We’ve come a long way. We’re off a bit further. We’ll be back soon.

Upping sticks: moving to Sydney with Guardian Australia

I’m moving: not away from the Guardian, but with it. I’m going to be moving to Sydney for a secondment with the Guardian’s new Australian team. My role is editorial audience development, and will encompass SEO, analytics, community coordination, social media, and probably a whole bunch of other stuff I don’t know about yet. It’s a small, brilliant team full of interesting folks, with lots of exciting opportunities ahead; I can’t wait to get started.
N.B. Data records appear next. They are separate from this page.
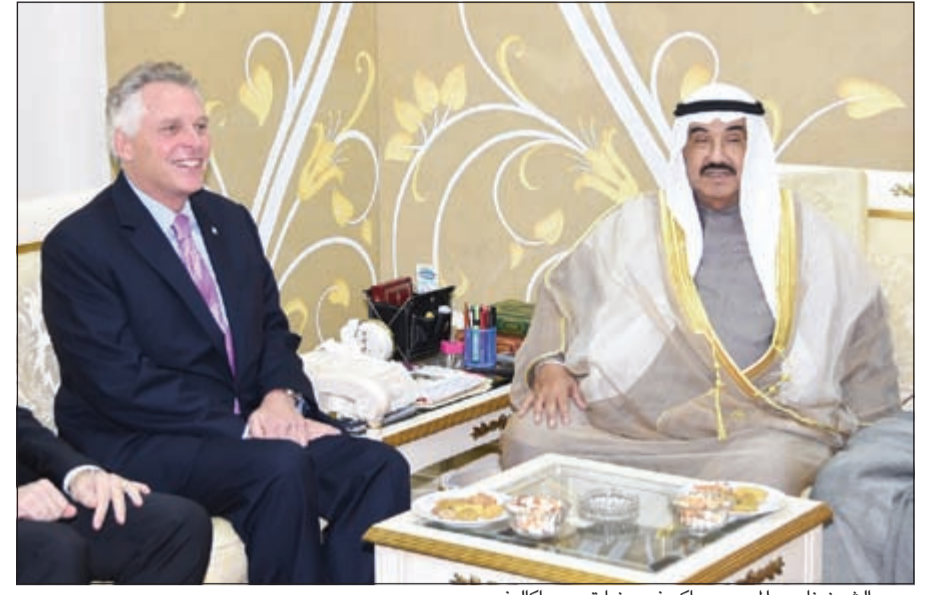
سمو الشيخ ناصر المحمد وحاكم فرجينيا تيري ماكالييف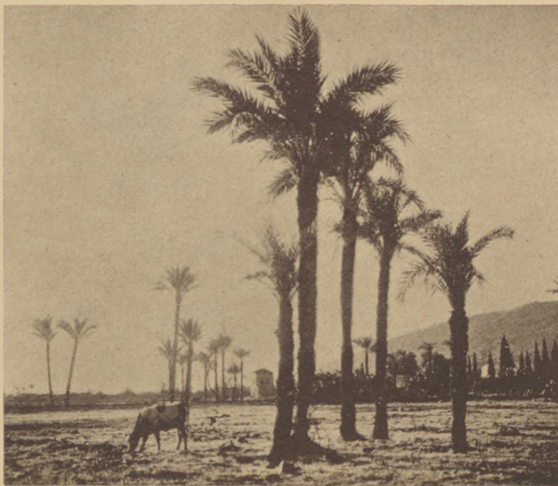
Pálmaliget Haifa mellett. A háttérben a Karmel hegye.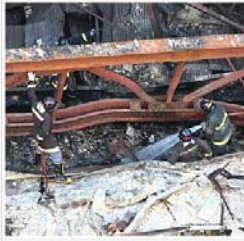
Bombeiros apagam novo incêndio no teatro

SÃO PAULO - O Corpo de Bombeiros foi acionado na tarde desta terça-feira, 19, para combater um pequeno foco de incêndio no Teatro Cultura Artística, no centro da capital paulista. Três equipes da corporação foram para o local e o fogo foi extinto. Na madrugada de domingo, um incêndio destruiu o teatro, um dos mais tradicionais da cidade. Ele foi inaugurado em março de 1950 com um concerto de Heitor Villa-Lobos.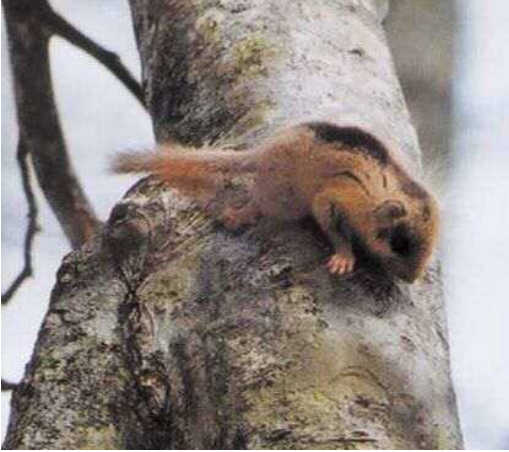
鳥取市国府町扇ノ山 2001.5.4

■ 選定理由 ：近年の確認記録が県東部の山地森林に限定され、生息適地の減少も懸念される。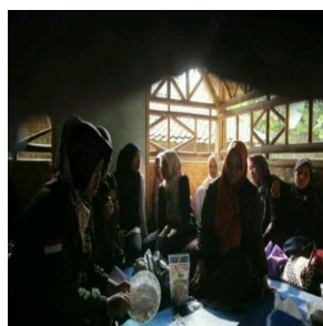
Gambar 5. Pelatihan pembuatan Krupuk tahu dari ampas tahu (LimbahTahu)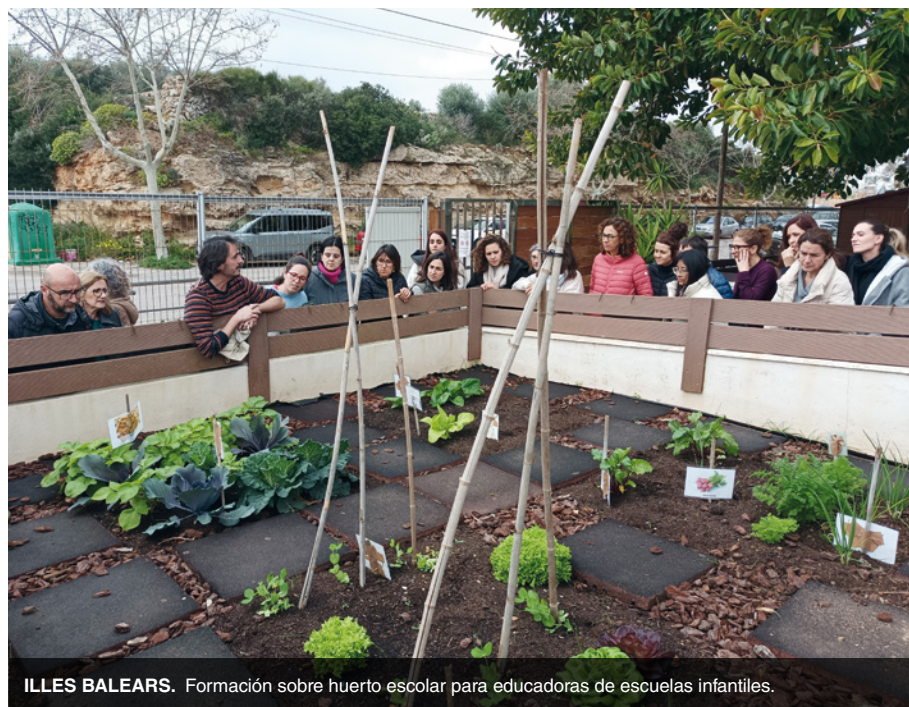
ILLES BALEARS. Formación sobre huerto escolar para educadoras de escuelas infantiles.

Con alumnado de la asignatura TIC para Artes y Humanidades, trabajamos la elaboración de documentales con perspectiva educativa; y con el del grado de Educación Infantil, visitamos la experiencia agroecológica Sembrando en Saó.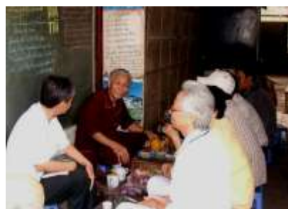
Mét gãc L- trụ Qu, n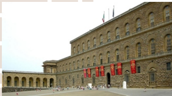
Rysunek 10. B. Ammanati, Palazzo Pitti (projekt przypisywany również Albertiemu), Florencja, Włochy

przykład architektury renesansowej, zastosowana forma klasyczna połączona z francuską tradycją, widoczna harmonijna artykulacja elewacji uzyskana przez zastosowanie ryzalitów, rytmy okien prostokątnych, okien zwieńczonych półwałnymi frontami oddzielonymi pilastrami, arkad w parterze, elewacja ma charakter rzeźbiarski, nowe elementy zastosowane w niszach i zwieńczeniach ryzalitów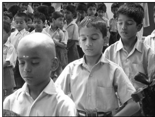
▲图片中央的这位印度男孩子修炼法轮功两个月了，他说：“法轮大法使我变得很强壮。我讷于言辞，但是实际的改变非常巨大”。

【明慧网】在印度，现在已有至少三十几所学校的成千上万的师生在修炼法轮功。法轮功为什么在印度学校有这么大吸引力呢？仅来看看下面的一个例子吧：一所寄宿学校的师生炼功仅仅一个学期后，该校就有了神奇的经历：百分之百的学生通过了考试，而通常的合格率只有百分之五十左右。校长因此深信大法，自己也开始认真的炼功了。很快，折磨了他四十年的哮喘病不翼而飞。四年以来，该校每天早上和下午分别炼功三十分钟。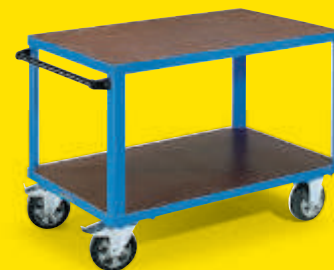
Mit Siebdruckplatten Tragfähigkeit 1000 kg

2 Ladeflächen 1050 x 700 mm Nr. 968 596-KF Fr. 459.– 2 Ladeflächen 1250 x 800 mm Nr. 968 597-KF Fr. 512.–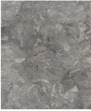
Sarvenaz Farsian , Sans titre, Rapidograph sur toile, 100 x 70 cm, 2021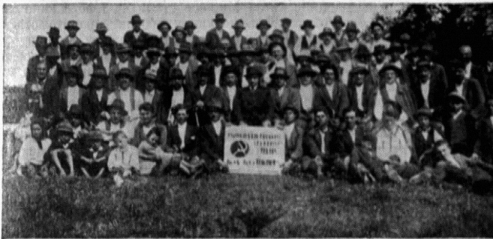
Sl. 8. Osnivačka skupština ogranka Seljačkog kola u Obljaju, srez glinski (Kalendar Seljačko kolo, Zagreb 1939., 79)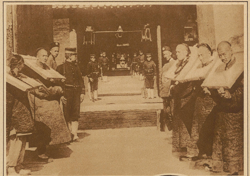
Die chinesischen Gefangenen werden teilweise heute noch mit mittelalterlichen Strafwerkzeugen behandelt. So zeigt unser Bild, wie den Leuten ein höheres Gestell von beträchtlichem Gewicht um den Hals gelegt wird, das sie Tag und Nacht mühslich hertumschleppen müssen

Die neueste Modetorheit, die übrigens diesmal nicht aus Amerika oder Paris, sondern aus Wien stammt, ist die Bemalung der Haare in einer zum Abendkleid passenden Farbe. Aber nicht nur zum Kleidepassend, sondern auch noch dem Charakter des Festes entsprechend, kann sich die Dame ihre Haare anstreichen lassen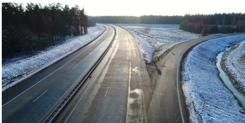
Рис.2. Фото с участка М-3 Минск-Витебск км. 57.3 — км. 65.6 (обход г. Пleshни-цы)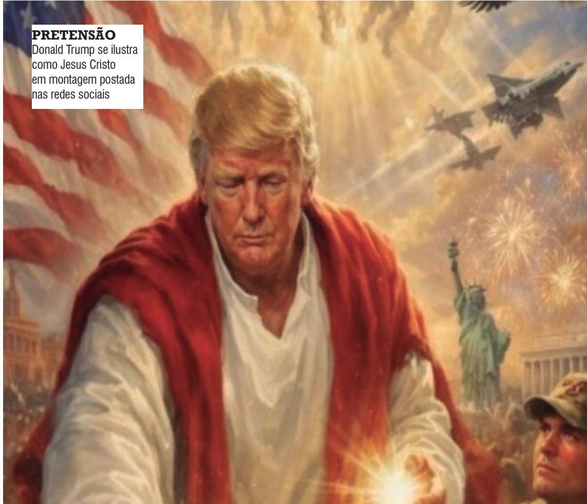
PRETENSÃO Donald Trump se ilustra como Jesus Cristo em montagem postada nas redes sociais

“Não quero um papa que ache que está bem o Irã ter arma nuclear. Não quero um papa que considere terrível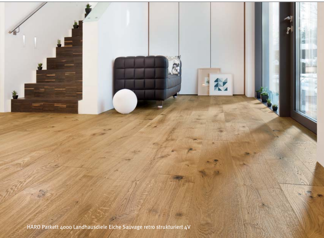
HARO Parkett 4000 Landhausdielen Eiche Sauvage retro strukturiert 4V

Hamberger Flooring GmbH & Co. KG Postfach 10 03 53 83003 Rosenheim Deutschland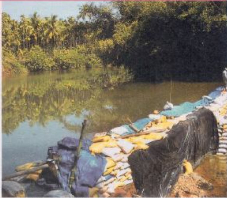
ಮಲ್ಲೇಗೆ ಬರಲು ಹೋದರೆ ಅಲ್ಲಿ ಒಳಗಡೆ ವಾರದಾಣಿ ಕಟ್ಟಿ (ಚಿತ್ರ : ವಾರದಾಣಿ ಅಗ್ನಿ ಭೌತಿಕರಣ)

ಎಲ್ಲರೂ ಮಿಷನ್, ಜಮಾಅತ್ ಮುಂತಾದವು, ದೊಡ್ಡ ಹೊರ ಅನುಭವದಿಂದ ಅದರ ಒಪ್ಪಿಗೆಯ ಹೋಗುವ ಕಟ್ಟಡವನ್ನು ಕಟ್ಟುವ ಪೂರ್ಣ ಹಾಯಾಗಿ ನಿರೀಕ್ಷಿಸುವುದಿಲ್ಲ. ದೇಶದ ಕೊಡುವುದು ಎಂದಿರಬಹುದು. ಮಾರಾಟ ಮತ್ತು ಭಾವನೆಯನ್ನು ಕಟ್ಟುವ ಮೇಲೆ ದೊಡ್ಡ ಈ ಒಂದೊಂದು ಕುಟುಂಬಗಳಿಗೆ ವಹಿಸುತ್ತಿದೆ. ಹೀಗಾಗುವ ಕೆಲವು ಕಟ್ಟಡವನ್ನು ಕಟ್ಟಿ ಕಟ್ಟುವುದೇ ಇಂತಹ ಹೋಗುವುದೇ ಇದೆ. ಕಟ್ಟಡದ ಒಂದೊಂದು ಕಟ್ಟಡವನ್ನು ವಹಿಯವ ಪ್ರಯೋಜನವೆಂದು ಅದರ ಮಿಷನ್ ದೊಡ್ಡದ್ದು.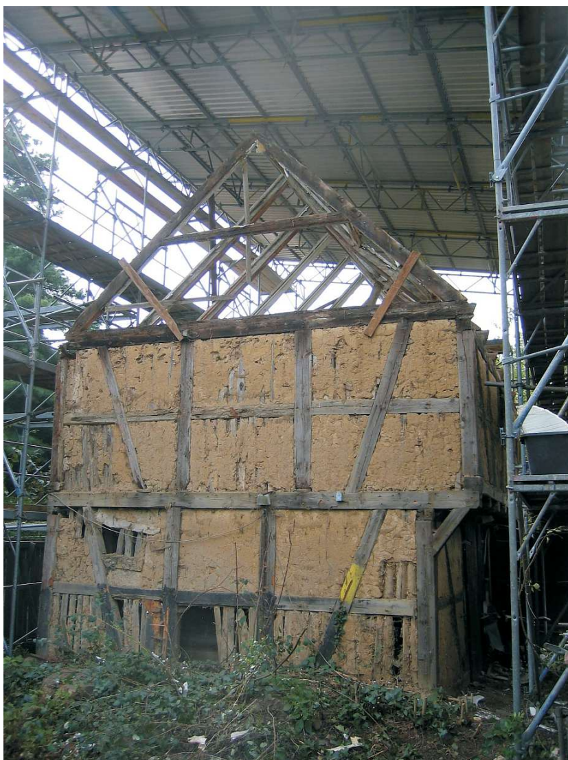
Der Alte Kornspeicher vor der Renovierung 2006

In der Mitte des Dorfes, gleich neben dem Lehenschulzen-Gut (heute Parkplatz der "Kleinen Badewiese") befand, und befindet sich immer noch, der Hof der Familie Beutel. Es war ursprünglich kein großer Hof, sondern mehr eine Büdnerstelle. Im Gegensatz zu den Vollbauern oder Hufnern, die in Gatow zwischen 40 Morgen und 100 Morgen Land besaßen, hatte ein Büdner nur eine kleine Fläche zur Verfügung. Auf dem Büdnerhof war auch, im Gegensatz zu den Höfen der Vollbauern, der Stall für das Vieh direkt an das Wohnhaus angebaut.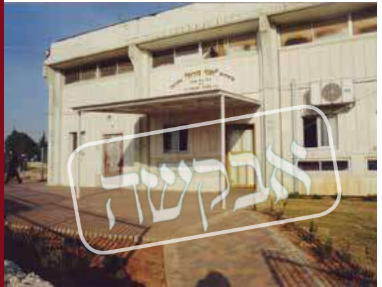
מתקיימים מניינים וסודרי לימוד. בית המדרש אור זורח בעמנואל

והתחלתי להסתובב אנה ואנה. פסעתי ברחוב פושקינא הלך וחזור ולא ידעתי מה עלי לעשות, כיצד אצליח בשעה כה מאוחרת לחזור לקייב הבירה?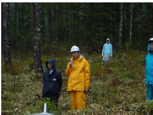
原 木曾町長・連合長あいさつ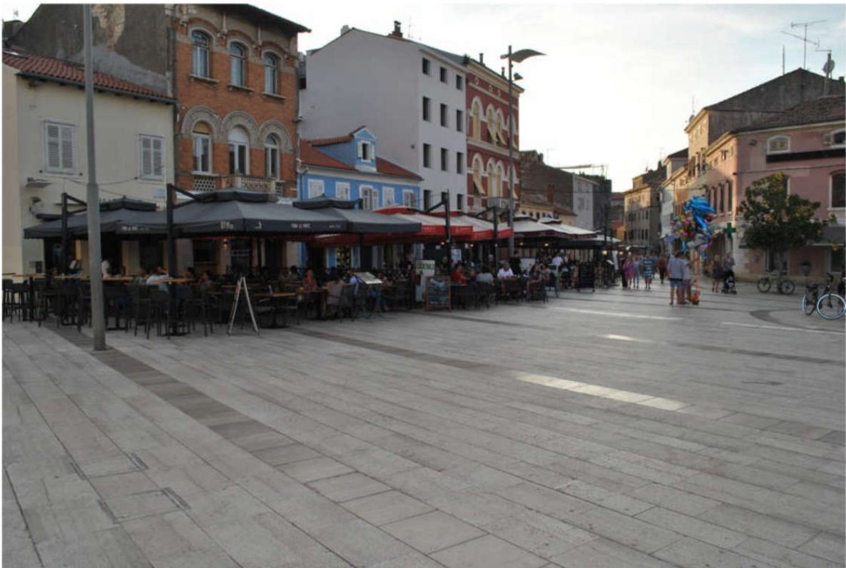
Dobar primjer ujednačenih suncobrana

Jastuci u boji tende (bordo RAL 3004, prljavo bijela RAL 1013 ili antracit RAL 7016).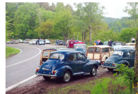
Tilfældigt møde med andre vildfarne deltagere i kortegekørsel.

Der var en vendeplads lige ved et skilt, der viste til højre mod Bouillon. Her vendte vi så alle sammen og kørte tilbage mod campingpladsen. Kaos. Undervejs løb vi jævnligt på grupper af vildfarne Morris'er, og vi hilste altid pænt på de desperate chauffører.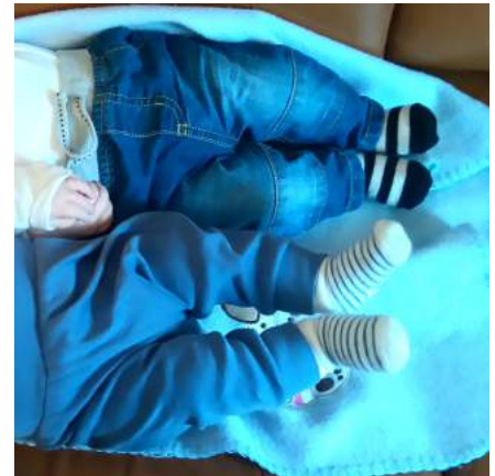
Tänä kesänä tuli ihmeteltyä tädin roolissa pienoä varpaita.

Kesä meni valtavan nopeasti ja elokuun lopussa laukkuja pakkaillessa mietin, että mihin se kolme kuukautta oikein katosi. Kotimaankausi piti sisällään paljon reissaamista, iloisia kohtaamisia nimikkoseurakunnissa, rippileirivierailuja, evankeliumijuhlat, lauluiltoja, perhejuhlia, keuhkokuumeen, sukulointia, ystävien tapaamista, marjastusta sekä sisarusteni samanikäisten vauvojen suukottelua. Kaikenkaikkiaan siis vaihteleva ja virkistävä kesä!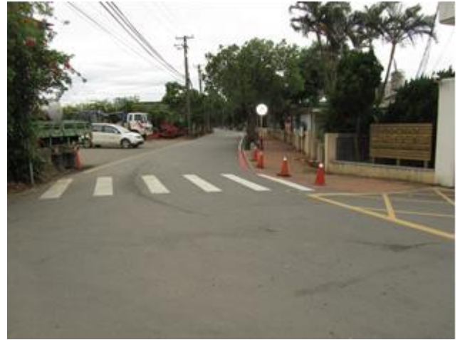
說明：家長提供學校對面空地讓學校規劃為家長汽車接送區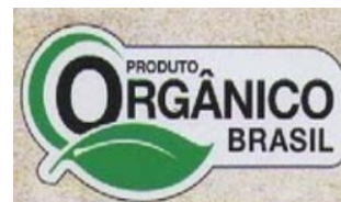
Imagen 14: Sello SISORG

Producto Orgánico Brasil o “Sello SISORG” (imagen 14), es creado por el Ministerio Agricultura, Pecuário y Abastecimiento, dentro del programa sobre el Sistema Brasileño de Validación de Conformidad Orgánica (SISORG), para ser utilizado, a partir del año 2011, con carácter obligatorio, por aquellos productos orgánicos que entren en el mercado nacional.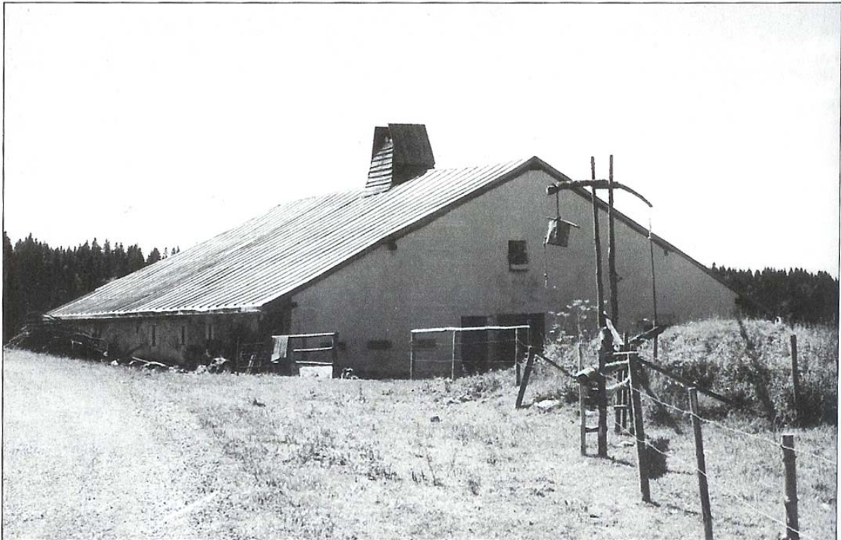
La Vieille Landoz est un exemple des typiques chalets d'alpage du Risoux. Les volets ou vantaux de la cheminée s'ouvrent ou se ferment de l'intérieur. Au premier plan, on remarque le balancier qui sert à puiser l'eau dans la citerne.

Mais auparavant il a pris de l'eau avec une louche dans un bidon qu'il a bu avidement, et même qu'elle vient de la citerne où se serait possible qu'il y ait une souris crevée dans l'eau, elle a un sacré bon goût ! Et puis il s'est assis derrière la vieille table pleine de marques de couteau de la cuisine, et c'est là, dans un bol rouge avec des pois blancs, à l'aide d'une grosse cuillère de bois, une véritable antiquité, qu'il a mangé sa crème. On avait pris celle-ci dans un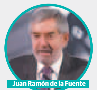
Juan Ramón de la Fuente

“Entonces, la idea es mantener por lo pronto la comunicación entre nosotros y probablemente más adelante haya algún encuentro a nivel ministerial para hacerle algún planteamiento a los jefes de Estado. Pero la comunicación sigue siendo, la verdad, muy fluida en esto, como que estamos en el mismo canal varios de estos países”, añadió el responsable de la diplomacia mexicana en conferencia conjunta con la presidenta Sheinbaum.

It’s also literally half a world away. I’m lucky – we’re lucky – to be in a position where Grant can come with me, and can hopefully work and live alongside me, rather than having to be apart for what’s likely to be at least 9 months. We’re at a time in both our lives where upping sticks to somewhere with wombats and wallabies is not just possible but sounds like it could be bloody good fun. It will be hugely sad to be so far away from friends and families, but it will also be a very big adventure.

It turns out I own an awful lot of things I don’t need. And an astounding number of Nerf guns, which I clearly need to keep somewhere till we get back, along with the fire axes and the smoke machine and all of the books. If I owe you a coffee, a beer, an email or a chat, now’s a very good time to cash it in, while I’m still hunting for paperwork and trying to get our lives stowed away before we leave. Also if you’ve seen my birth certificate, I need that back.

And, in unrelated news, I’m hosting The Story conference next Friday. Hopefully I’ll see some of you there.